What is being asked →
Set down every line of the data exactly, skipping the pictures.

Source material →
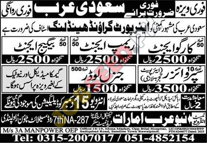 New Arab Emirates Technical Training & Trade Test Center, Riyadh Saudi Arabia Pakistan invites applications from eligible candidates for the post of Cargo Agent, Ramp Agent, Baggage Agent, General Loader and Supervisor as per advertisement of 13 December, 2025, published in Express Newspaper. Matric, Diploma educational qualification will be preferred.
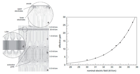 - Cantini, C.; Epprecht, L.; Gendotti, A.; Horikawa, S.; Periale, L.; Murphy, S.; Natterer, G.; Regenfus, C.; Resnati, F.; Sergiampietri, F.; et al. Performance study of the effective gain of the double phase liquid Argon LEM Time Projection Chamber. J. Instrum. 2015, 10, P03017. [Google Scholar] [CrossRef][Green Version]
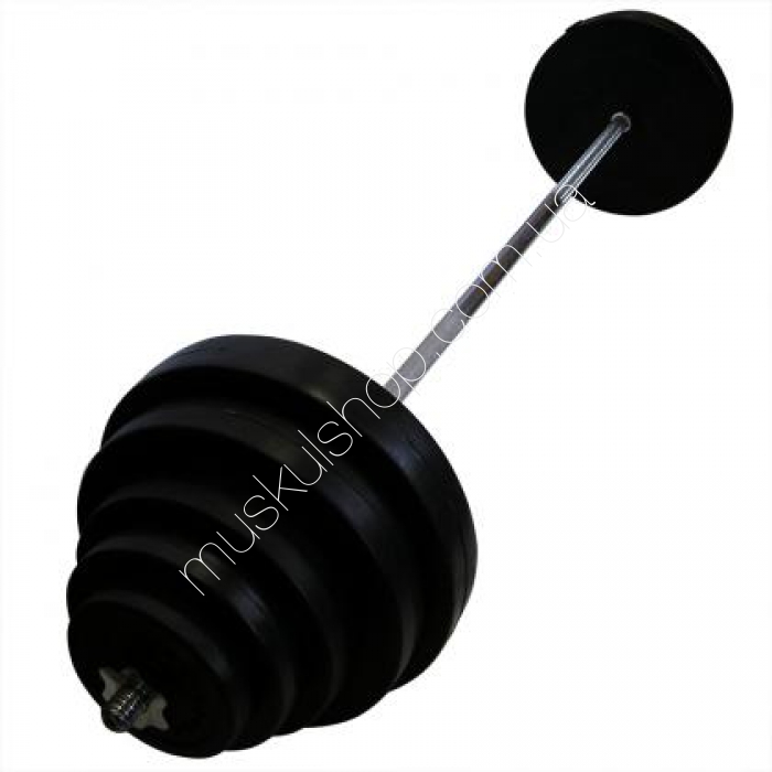 Комплектация: гриф прямой, 2 диска по 15 кг, 2 диска по 10 кг, 2 диска по 5 кг,2 диска по 2,5 кг, 2 диска по 1,25 кг
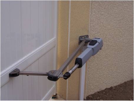Une motorisation de portail battant peut être hydraulique ou électromécanique, à bras articulés ou à bras linéaires, avec ou sans débrayage extérieur, avec ou sans pantographe (système de compensation du déport du vantail à l'intérieur du pilier, représenté ici en association avec un opérateur FAAC 415), chaque caractéristique permettant de répondre à des cas spécifiques d'implantation de portail.

Final answer →
 New Arab Emirates Technical Training & Trade Test Center, Riyadh Saudi Arabia Pakistan invites applications from eligible candidates for the post of Cargo Agent, Ramp Agent, Baggage Agent, General Loader and Supervisor as per advertisement of 13 December, 2025, published in Express Newspaper. Matric, Diploma educational qualification will be preferred.
 - Cantini, C.; Epprecht, L.; Gendotti, A.; Horikawa, S.; Periale, L.; Murphy, S.; Natterer, G.; Regenfus, C.; Resnati, F.; Sergiampietri, F.; et al. Performance study of the effective gain of the double phase liquid Argon LEM Time Projection Chamber. J. Instrum. 2015, 10, P03017. [Google Scholar] [CrossRef][Green Version]
 Комплектация: гриф прямой, 2 диска по 15 кг, 2 диска по 10 кг, 2 диска по 5 кг,2 диска по 2,5 кг, 2 диска по 1,25 кг
Une motorisation de portail battant peut être hydraulique ou électromécanique, à bras articulés ou à bras linéaires, avec ou sans débrayage extérieur, avec ou sans pantographe (système de compensation du déport du vantail à l'intérieur du pilier, représenté ici en association avec un opérateur FAAC 415), chaque caractéristique permettant de répondre à des cas spécifiques d'implantation de portail.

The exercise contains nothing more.